» **Work instruction**
Repeat everything in the data exactly except images.

» **Data provided**
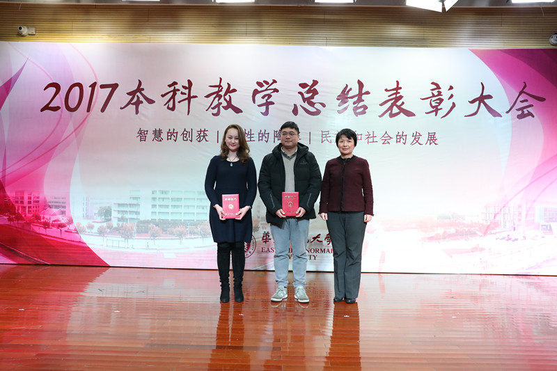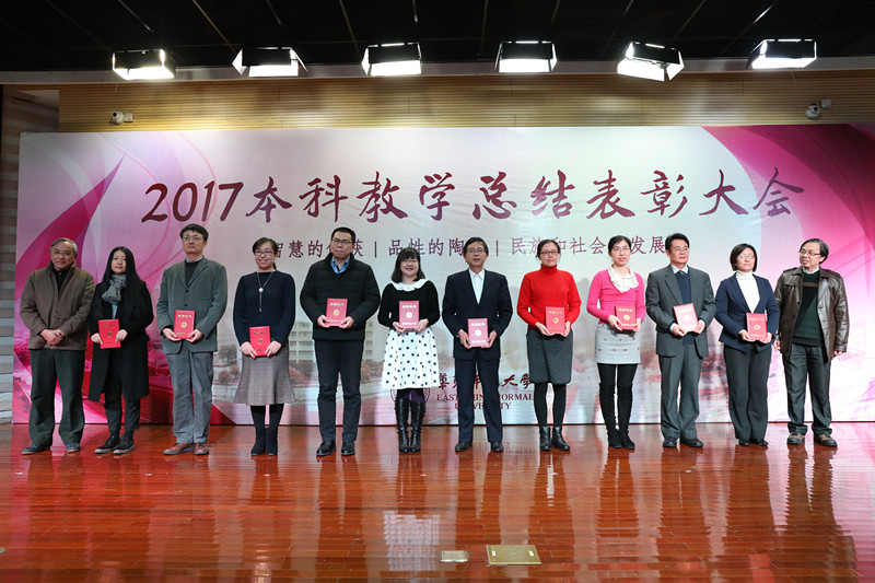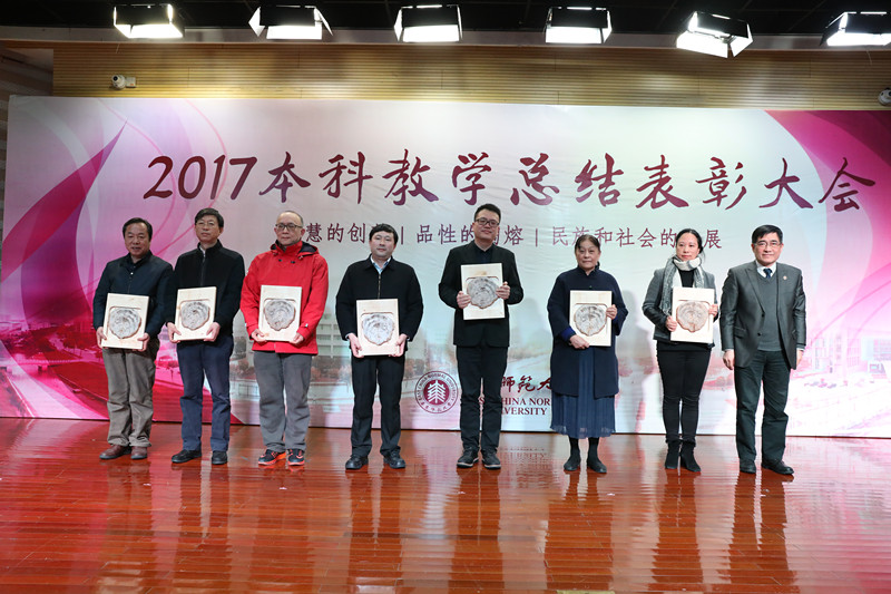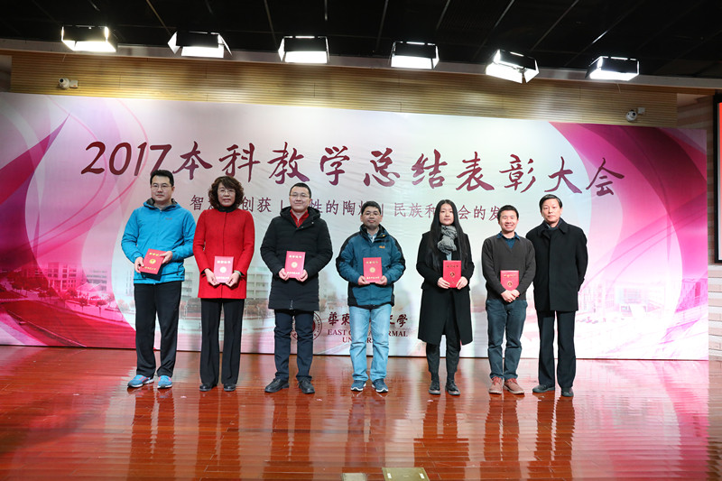 教学贡献奖和本科教学年度贡献奖是学校全新教学荣誉体系的核心组成部分。大会表彰了我校迄今为止设立的本科教学最高荣誉——华东师范大学教学贡献奖的获奖教师。2017年,外语学院高宁荣获杰出教学贡献奖,生态与环境科学学院王希华、对外汉语学院叶军、中国语言文学系吕志峰、数学系任韩、经济与管理学部吴述金、生命科学学院赵云龙、美术学院钱初熹荣获优秀教学贡献奖。校党委书记童世骏为获奖教师颁发了寓意“十年育树,百年育人”的树化玉奖牌。
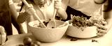 Happiness asian family with father, mother and daughter preparing cooking salad vegetable food together in kitchen at home, happy dad, mom and kid cooking breakfast with salad, lifestyles concept.
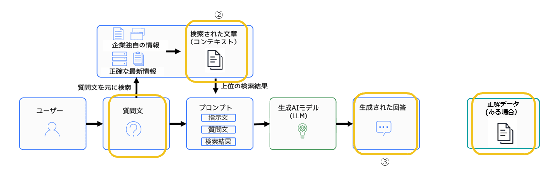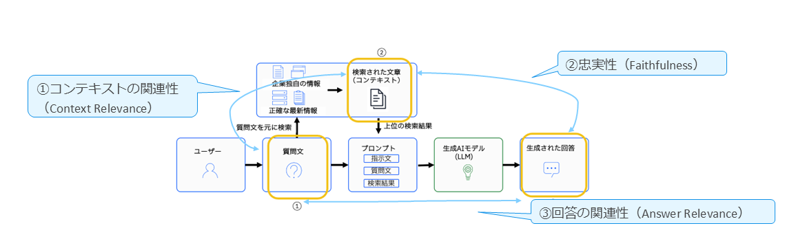 具体的には、まずユーザーのクエリーとして与えられる質問文、次に検索によって取得された文書(コンテキスト)、そしてシステムが生成した回答が評価対象となる。

» **Result of the exercise**
 教学贡献奖和本科教学年度贡献奖是学校全新教学荣誉体系的核心组成部分。大会表彰了我校迄今为止设立的本科教学最高荣誉——华东师范大学教学贡献奖的获奖教师。2017年,外语学院高宁荣获杰出教学贡献奖,生态与环境科学学院王希华、对外汉语学院叶军、中国语言文学系吕志峰、数学系任韩、经济与管理学部吴述金、生命科学学院赵云龙、美术学院钱初熹荣获优秀教学贡献奖。校党委书记童世骏为获奖教师颁发了寓意“十年育树,百年育人”的树化玉奖牌。
 Happiness asian family with father, mother and daughter preparing cooking salad vegetable food together in kitchen at home, happy dad, mom and kid cooking breakfast with salad, lifestyles concept.
 具体的には、まずユーザーのクエリーとして与えられる質問文、次に検索によって取得された文書(コンテキスト)、そしてシステムが生成した回答が評価対象となる。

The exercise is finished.